### WHAT YOU HAVE TO DO
Starting at the line that contains "前NBA球星文斯-卡特在Th" and stopping after the line that contains "Μποτάκια ασφαλείας Cofra", transcribe the listing below exactly; do not include any pictures.

═══ GIVEN DATA ═══

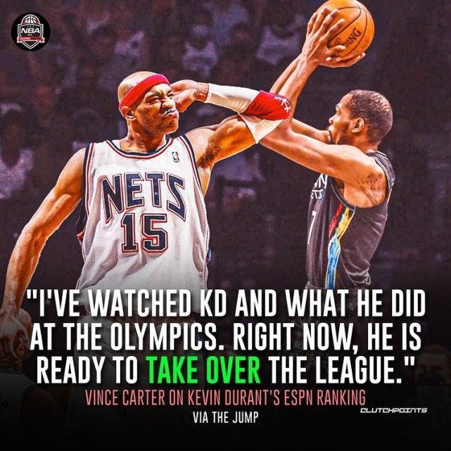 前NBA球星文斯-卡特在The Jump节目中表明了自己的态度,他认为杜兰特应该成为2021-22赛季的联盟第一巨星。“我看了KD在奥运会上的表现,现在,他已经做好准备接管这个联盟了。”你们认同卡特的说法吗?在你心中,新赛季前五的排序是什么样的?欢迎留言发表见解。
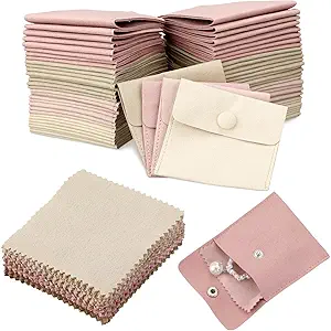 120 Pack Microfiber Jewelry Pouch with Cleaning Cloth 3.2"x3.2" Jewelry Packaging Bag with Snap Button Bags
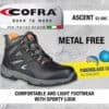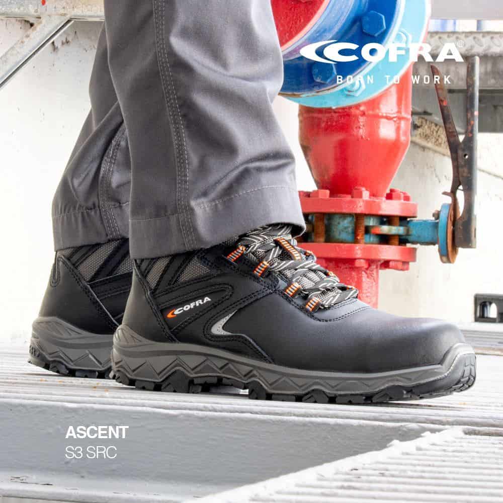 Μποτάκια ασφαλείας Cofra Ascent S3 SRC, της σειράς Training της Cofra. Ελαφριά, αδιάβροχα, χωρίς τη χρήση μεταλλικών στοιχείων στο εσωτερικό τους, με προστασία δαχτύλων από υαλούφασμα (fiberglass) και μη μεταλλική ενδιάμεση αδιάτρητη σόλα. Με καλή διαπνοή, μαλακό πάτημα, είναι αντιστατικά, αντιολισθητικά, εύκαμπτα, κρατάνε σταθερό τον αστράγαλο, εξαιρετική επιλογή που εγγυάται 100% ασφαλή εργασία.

═══
═══ GIVEN DATA ═══

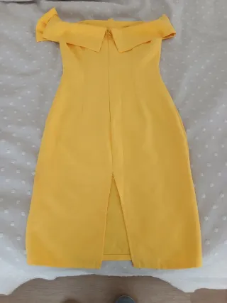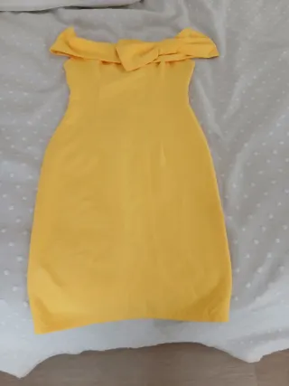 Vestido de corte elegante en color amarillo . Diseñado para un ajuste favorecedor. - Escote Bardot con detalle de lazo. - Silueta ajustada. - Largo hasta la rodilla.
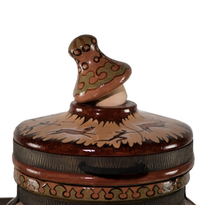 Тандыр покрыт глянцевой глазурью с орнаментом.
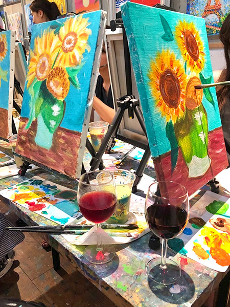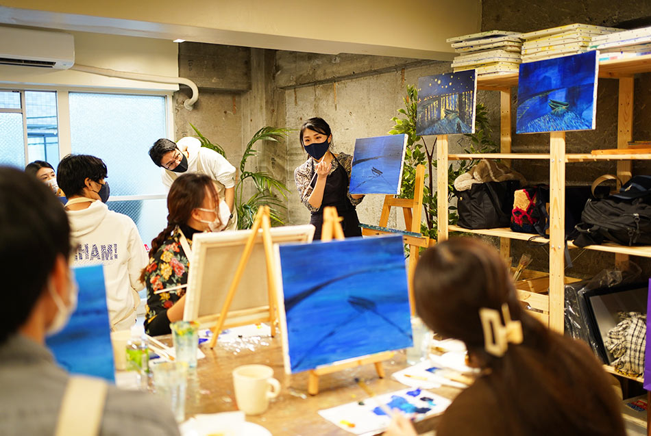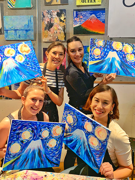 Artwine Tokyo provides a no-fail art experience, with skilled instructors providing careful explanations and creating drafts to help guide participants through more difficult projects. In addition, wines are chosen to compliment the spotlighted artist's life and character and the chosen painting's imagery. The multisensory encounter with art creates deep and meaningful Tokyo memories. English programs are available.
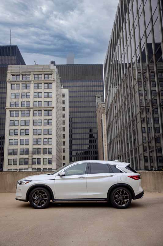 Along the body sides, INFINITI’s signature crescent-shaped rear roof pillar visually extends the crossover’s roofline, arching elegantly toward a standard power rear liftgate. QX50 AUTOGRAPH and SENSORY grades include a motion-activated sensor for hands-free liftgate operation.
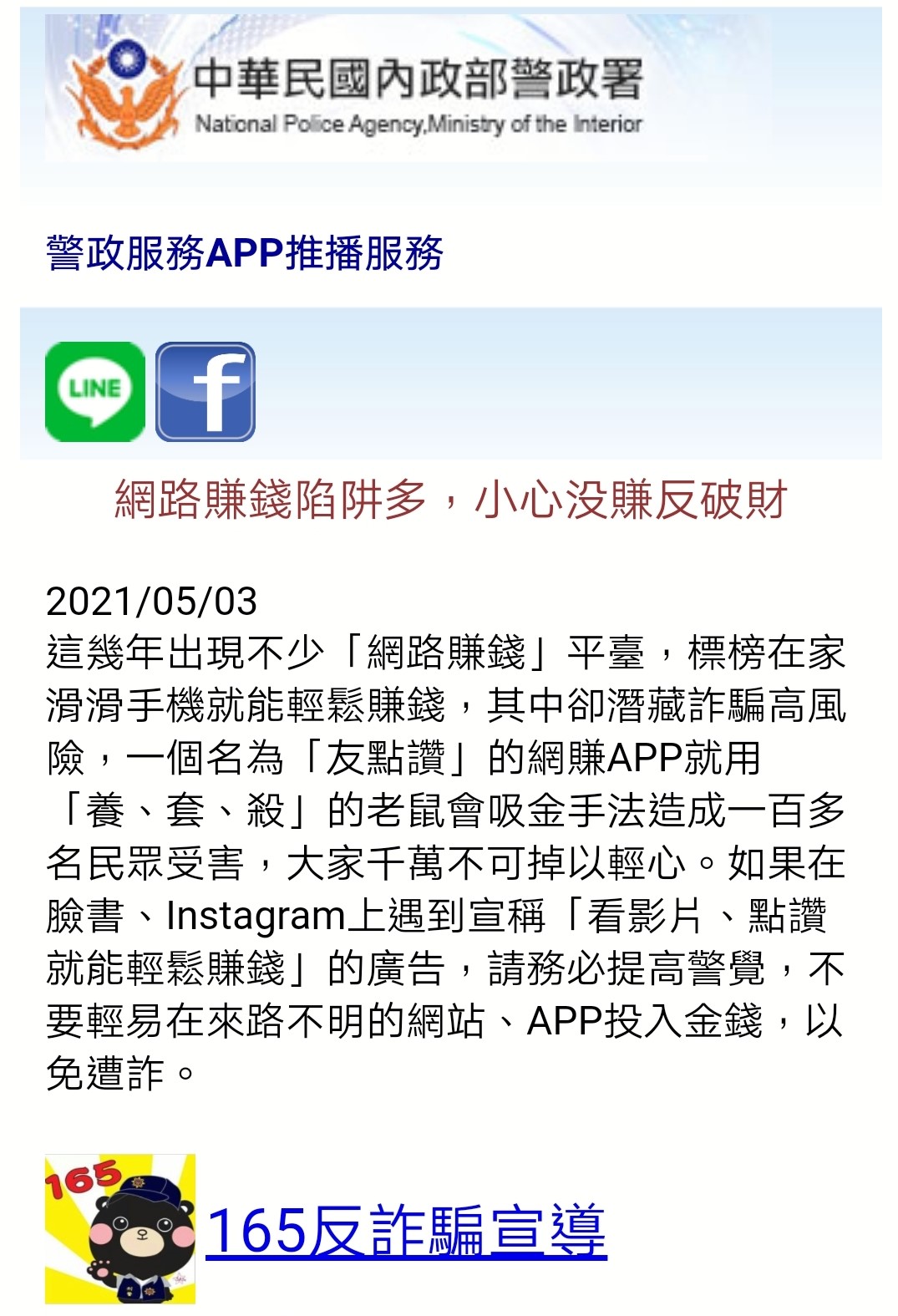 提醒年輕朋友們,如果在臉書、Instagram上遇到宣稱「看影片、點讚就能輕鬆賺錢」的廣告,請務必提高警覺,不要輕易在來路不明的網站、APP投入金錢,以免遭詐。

═══
═══ GIVEN DATA ═══

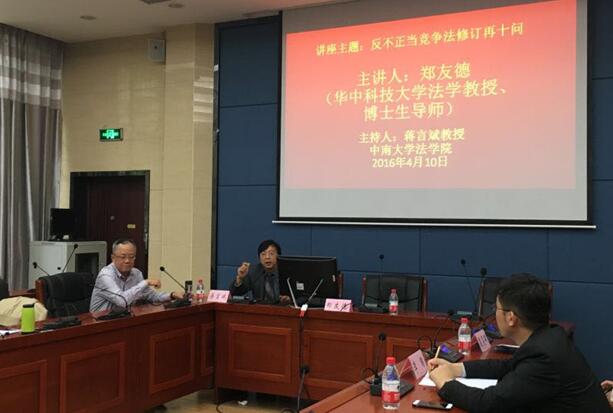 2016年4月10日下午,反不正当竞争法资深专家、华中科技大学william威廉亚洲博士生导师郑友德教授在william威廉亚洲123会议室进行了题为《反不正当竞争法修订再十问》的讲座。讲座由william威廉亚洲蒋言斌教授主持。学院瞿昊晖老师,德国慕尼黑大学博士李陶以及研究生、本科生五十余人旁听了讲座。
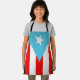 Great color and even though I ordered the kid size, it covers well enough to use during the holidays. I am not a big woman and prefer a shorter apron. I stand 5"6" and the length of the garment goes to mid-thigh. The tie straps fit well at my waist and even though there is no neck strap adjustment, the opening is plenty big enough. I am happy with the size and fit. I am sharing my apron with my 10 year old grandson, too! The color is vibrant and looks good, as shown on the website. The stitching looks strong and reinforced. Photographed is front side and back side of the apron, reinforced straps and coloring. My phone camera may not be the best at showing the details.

═══

### EXERCISE OUTPUT
 前NBA球星文斯-卡特在The Jump节目中表明了自己的态度,他认为杜兰特应该成为2021-22赛季的联盟第一巨星。“我看了KD在奥运会上的表现,现在,他已经做好准备接管这个联盟了。”你们认同卡特的说法吗?在你心中,新赛季前五的排序是什么样的?欢迎留言发表见解。
 120 Pack Microfiber Jewelry Pouch with Cleaning Cloth 3.2"x3.2" Jewelry Packaging Bag with Snap Button Bags
 Μποτάκια ασφαλείας Cofra Ascent S3 SRC, της σειράς Training της Cofra. Ελαφριά, αδιάβροχα, χωρίς τη χρήση μεταλλικών στοιχείων στο εσωτερικό τους, με προστασία δαχτύλων από υαλούφασμα (fiberglass) και μη μεταλλική ενδιάμεση αδιάτρητη σόλα. Με καλή διαπνοή, μαλακό πάτημα, είναι αντιστατικά, αντιολισθητικά, εύκαμπτα, κρατάνε σταθερό τον αστράγαλο, εξαιρετική επιλογή που εγγυάται 100% ασφαλή εργασία.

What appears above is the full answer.